The Reserve Bank of India (RBI) on Tuesday cut its key lending rate by a quarter of a percentage point in an attempt to prop up growth in the slowing economy, drawing comfort from wholesale price inflation staying under 7%.
The apex bank kept the cash reserve ratio (CRR) unchanged.
RBI lowered the repo rate, at which it lends short-term funds to banks, to 7.5%. CRR, the portion of deposits banks need to park with the RBI on a fortnightly basis, is currently pegged at 4%. The repo rate cut had been widely expected—22 of 24 market participants polled on Monday predicted a 25 bps repo rate cut.

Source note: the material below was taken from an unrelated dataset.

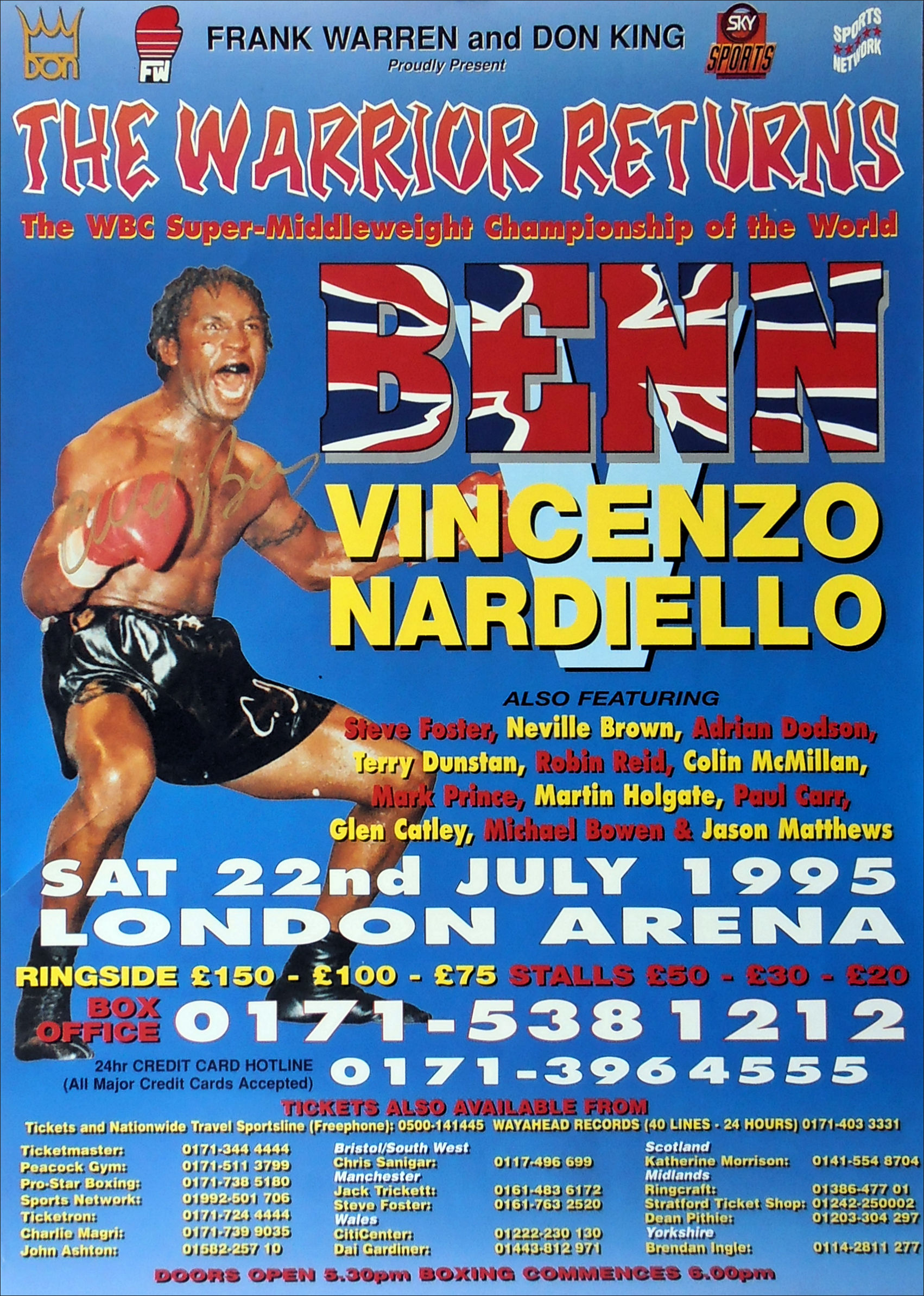 This original promotional boxing poster was signed by WBO/WBC two weight champion Nigel Benn. Lifetime LOA supplied by KOfightposters.com

The central bank last cut rates in January, when it reduced the repo rate and CRR by 0.25 percentage point each.
RBI has been cautious in lowering rates as it fights inflation in Asia’s third largest economy. Inflation based on wholesale prices has fallen below 7% in recent months after staying above that level throughout the past year. After easing to 6.62% in January, inflation inched up to 6.84% in February.
But core inflation, or non-food, non-oil manufacturing inflation eased significantly to 3.79% in February from 4.12% in January, giving room for RBI to cut rates, economists said.
The rate cut is aimed at boosting the sagging economy, which is expected to grow at 5% in the current fiscal, the slowest pace in a decade. Economic growth slowed to 4.5% in the December quarter from 5.3% in the preceding quarter.